Start of Block

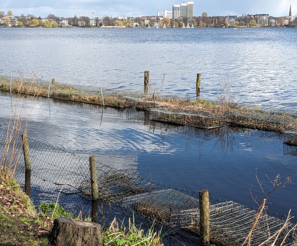 Infotafel “Lebensräume für die Außenalster”: “Die letzten natürlichen Schilfgürtel an der Außenalster wurden in den [19]50er Jahren abgebaggert, um mehr Platz für den Segelsport zu schaffen. In den [19]80er Jahren gab es dann erste Versuche, wieder Röhrichte anzupflanzen. Nicht überall sind die neuen Röhricht-Pflanzen gut angewachsen. Das liegt auch an den vielen Wasservögeln … hat das Projekt “Lebendige Alster” im August 2022 große Flächen schwimmender Pflanzeninseln mit Schutzgittern … platziert … getestet – mit positiver Wirkung …”, https://www.lebendigealster.de/
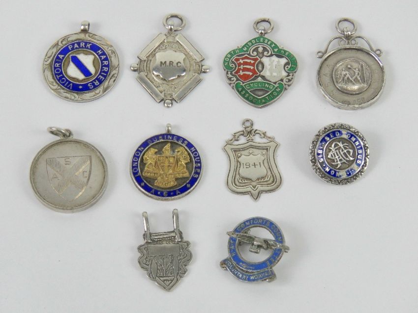 A quantity of HM silver sporting medallions together with three white metal medallions, an HM silver and enamel badge and an RAF Voluntary Worker badge. Ten items.
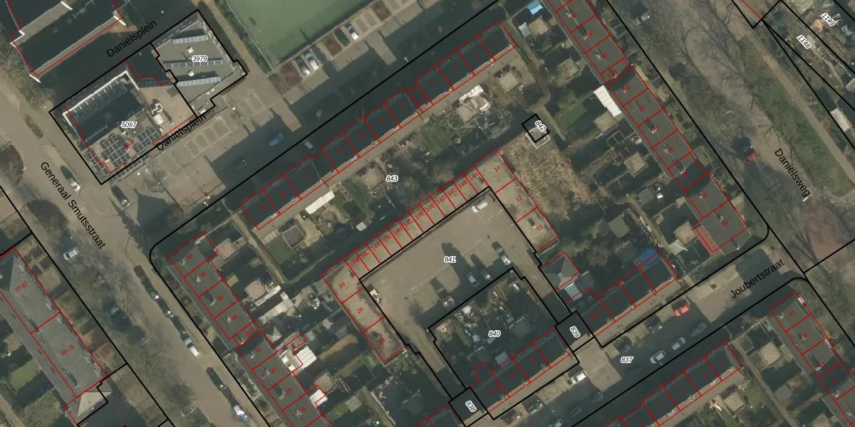 Het perceel waarop Joubertstraat 14-E staat heeft een oppervlakte van 8110 m². Dit is een zeer groot perceel. De perceeloppervlakte wordt geregistreerd door het Kadaster. Gedetailleerde informatie over de maten van dit perceel kunt u vinden in het rapport Kadastrale kaart met maatvoering van Joubertstraat 14-E.

End of Block

Please produce an exact copy of the listing, omitting the pictures.

 Infotafel “Lebensräume für die Außenalster”: “Die letzten natürlichen Schilfgürtel an der Außenalster wurden in den [19]50er Jahren abgebaggert, um mehr Platz für den Segelsport zu schaffen. In den [19]80er Jahren gab es dann erste Versuche, wieder Röhrichte anzupflanzen. Nicht überall sind die neuen Röhricht-Pflanzen gut angewachsen. Das liegt auch an den vielen Wasservögeln … hat das Projekt “Lebendige Alster” im August 2022 große Flächen schwimmender Pflanzeninseln mit Schutzgittern … platziert … getestet – mit positiver Wirkung …”, https://www.lebendigealster.de/
 A quantity of HM silver sporting medallions together with three white metal medallions, an HM silver and enamel badge and an RAF Voluntary Worker badge. Ten items.
 Het perceel waarop Joubertstraat 14-E staat heeft een oppervlakte van 8110 m². Dit is een zeer groot perceel. De perceeloppervlakte wordt geregistreerd door het Kadaster. Gedetailleerde informatie over de maten van dit perceel kunt u vinden in het rapport Kadastrale kaart met maatvoering van Joubertstraat 14-E.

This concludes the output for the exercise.